Wednesday, July 22, 2009

Great big sign finally.

After over two years in Sedona and not having a clue what I was doing here and no life what so ever opening up for me here ever . . . and wanting to go but that not either appearing to be possible, for all this time. I had wondered if I was not supposed to be here for whatever reason. I doubted that we were in fact ever going to leave.



I have not connected with any community, no activities, made no friends, have done really nothing, no sightseeing, hiking or exploring, just working or resting deeply. I haven't even bought one souvenir. I have really not tapped into this town what so ever, not at all. (The mountains, yes, the town, no.) And I was wondering.

So, recently we reconnected with some people who I felt would be our connection into the Sedona scene. I felt this could be the opening into us having something to do with this place and it's inhabitants. So we were going to get together with these new people . . . and each day they canceled with us and resceduled for the next day. Day after day. Now a week has gone by and we have not seen them still.
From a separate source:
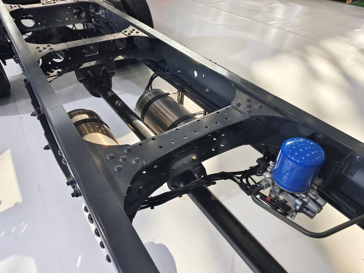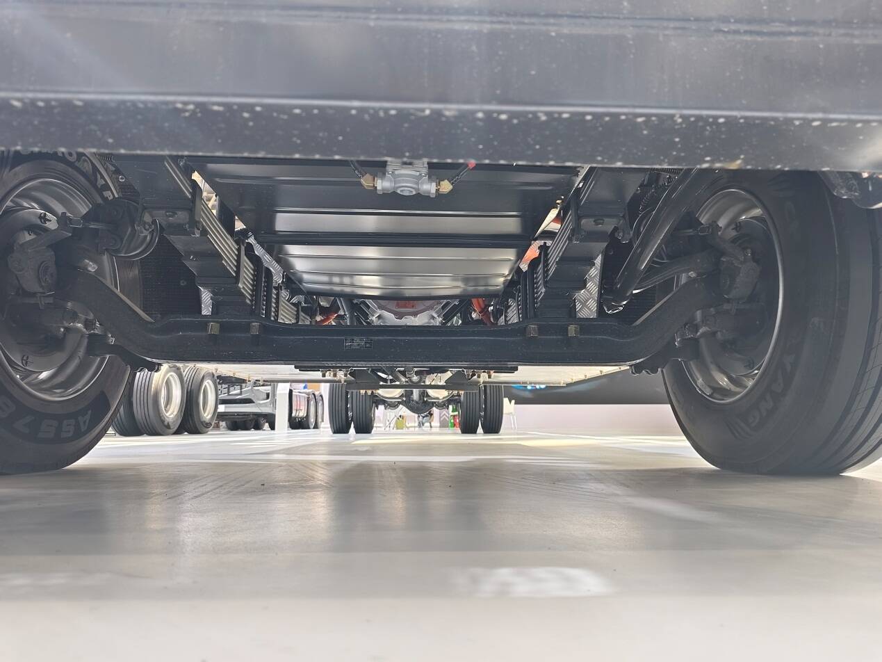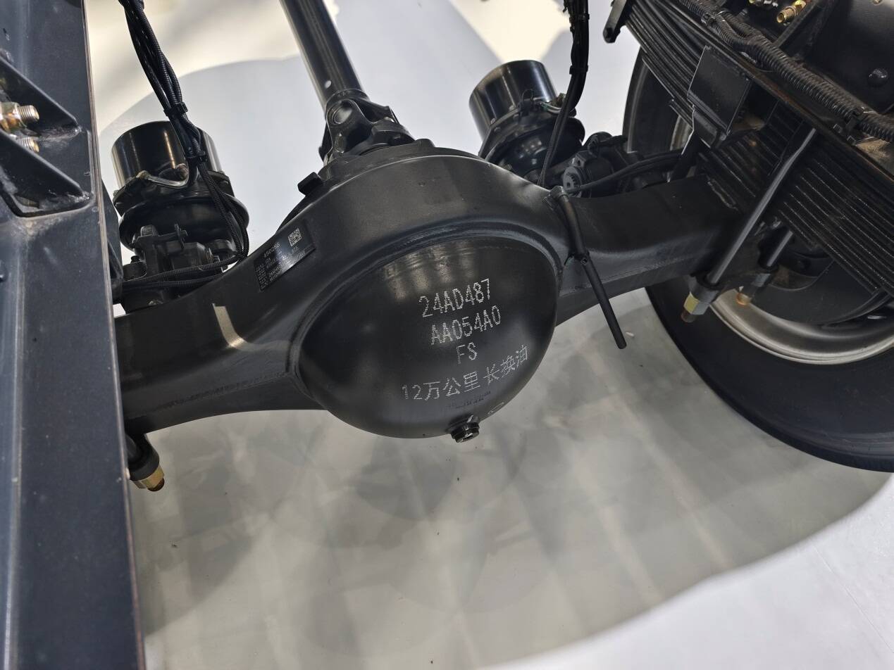 乘龙H5新能源大单桥底盘采用264mm车架,用料扎实,承载力好。车上搭载有电动空压机和60Ah免维护蓄电池,铝合金储气筒和干燥罐布置在车架中部内侧,使得车架两侧有较大空间,方便后续改装。4.2吨级前桥减震钢板8片,9吨级后桥减震钢板9+5片,这是为“多拉快跑”量身定制的硬核底子。
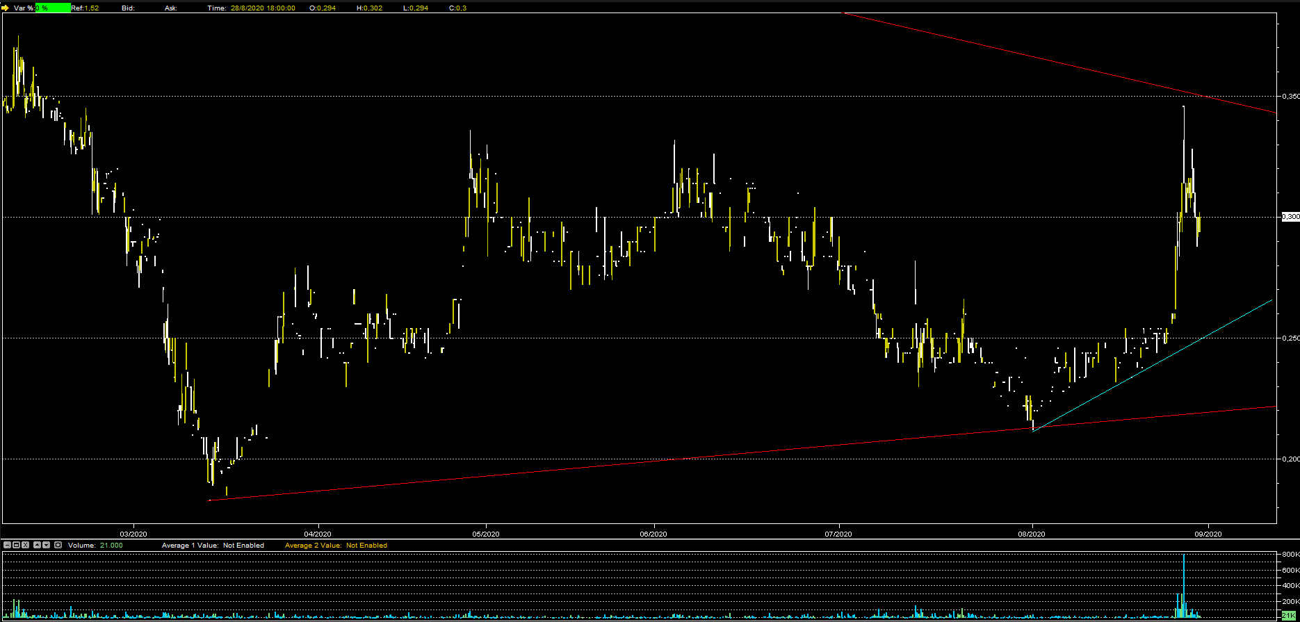 - Sforamento del canale ai 0.25€, notare l'incremento dei volumi di trading, segnale inequivocabile dell'incrementarsi dell'attenzione sulla preda.

So, today I realize that we are actually not going to connect or work together and probably we are finally leaving this hole and that my life is waiting for me somewhere else and that as soon as I get there I will have a real life. Can't wait to go. Now I feel really released from here. Just a great sign that we are not connected in any way to this place. Just passing through, like we first planned and we are still on our journey.

It's been restful and tranquil bordering on intense boredom. But now, there is nothing in my mind that tells me that maybe we are supposed to do something here. I'm telling you. This place is boring. And goodbye.